[Exercise requirements] Pictures are to be left out, but please repeat each record exactly.

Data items
※

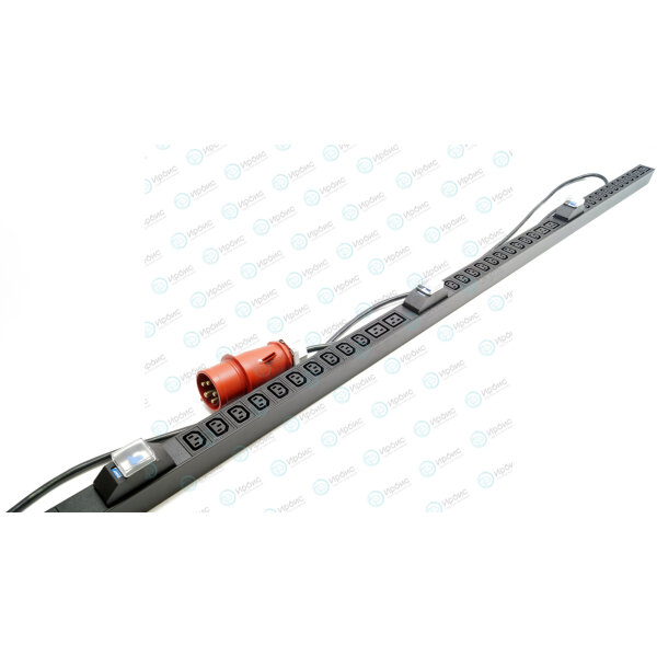 Hyperline SHE-30IEC-6BIEC-B-3x32-3PVR Блок розеток, вертикальный, 30 розеток IEC 60320 C13, 6 розеток IEC 60320 C19, автоматический выключатель, кабель питания 3м (5х4.0мм2) с вилкой IEC 60309 32А (3P+N+E), 380В, корпус алюминий, черный
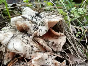 На полянках уже можно увидеть энтолому саундерса. У этого гриба беловатая или серовато-белая шляпка. Он имеет мучной запах и грибной вкус. Его уже нашли под Новочеркасском.
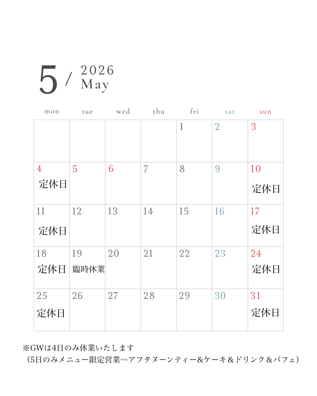 Topics 5月の営業につき 2026.04.28 Tweet この記事のタイトルとURLをコピーする ゴールデンウィークのお席のご予約も 承っております。 よろしくお願いします。 店主 Tweet Share Hatena Pocket RSS feedly Pin it この記事のタイトルとURLをコピーする 4月の営業につき 前の記事
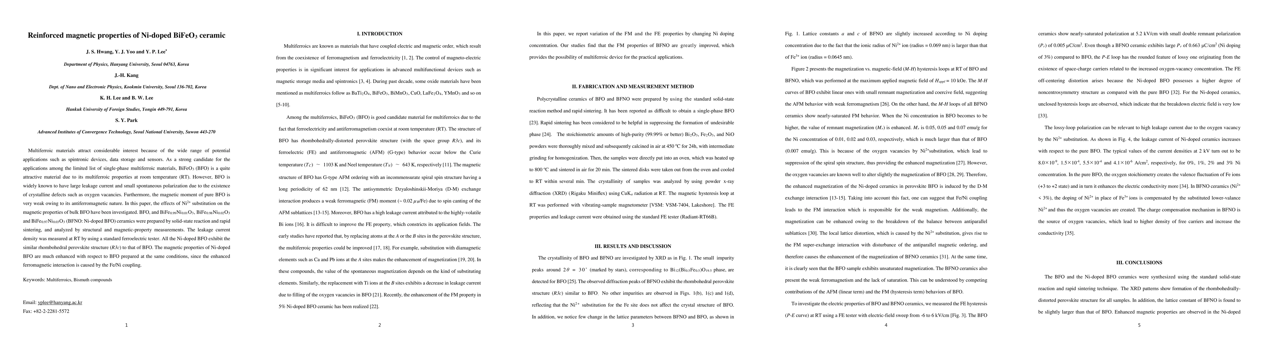 BFO and Ni-doped BFO ceramics were synthesized using solid-state reaction and rapid sintering. Structural and magnetic-property measurements were conducted to analyze the samples.
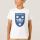 100% cotton so perfect for summer, It is a nicely designed t-shirt, the fabric is soft and the seams finished well, the body of the t shirt has no side seams. I bought a medium size for my two grandsons, aged 9 and 8 it will be slightly big on them but I would rather that than too small

※

[Task output]
 Hyperline SHE-30IEC-6BIEC-B-3x32-3PVR Блок розеток, вертикальный, 30 розеток IEC 60320 C13, 6 розеток IEC 60320 C19, автоматический выключатель, кабель питания 3м (5х4.0мм2) с вилкой IEC 60309 32А (3P+N+E), 380В, корпус алюминий, черный
 На полянках уже можно увидеть энтолому саундерса. У этого гриба беловатая или серовато-белая шляпка. Он имеет мучной запах и грибной вкус. Его уже нашли под Новочеркасском.
 Topics 5月の営業につき 2026.04.28 Tweet この記事のタイトルとURLをコピーする ゴールデンウィークのお席のご予約も 承っております。 よろしくお願いします。 店主 Tweet Share Hatena Pocket RSS feedly Pin it この記事のタイトルとURLをコピーする 4月の営業につき 前の記事
 BFO and Ni-doped BFO ceramics were synthesized using solid-state reaction and rapid sintering. Structural and magnetic-property measurements were conducted to analyze the samples.
 100% cotton so perfect for summer, It is a nicely designed t-shirt, the fabric is soft and the seams finished well, the body of the t shirt has no side seams. I bought a medium size for my two grandsons, aged 9 and 8 it will be slightly big on them but I would rather that than too small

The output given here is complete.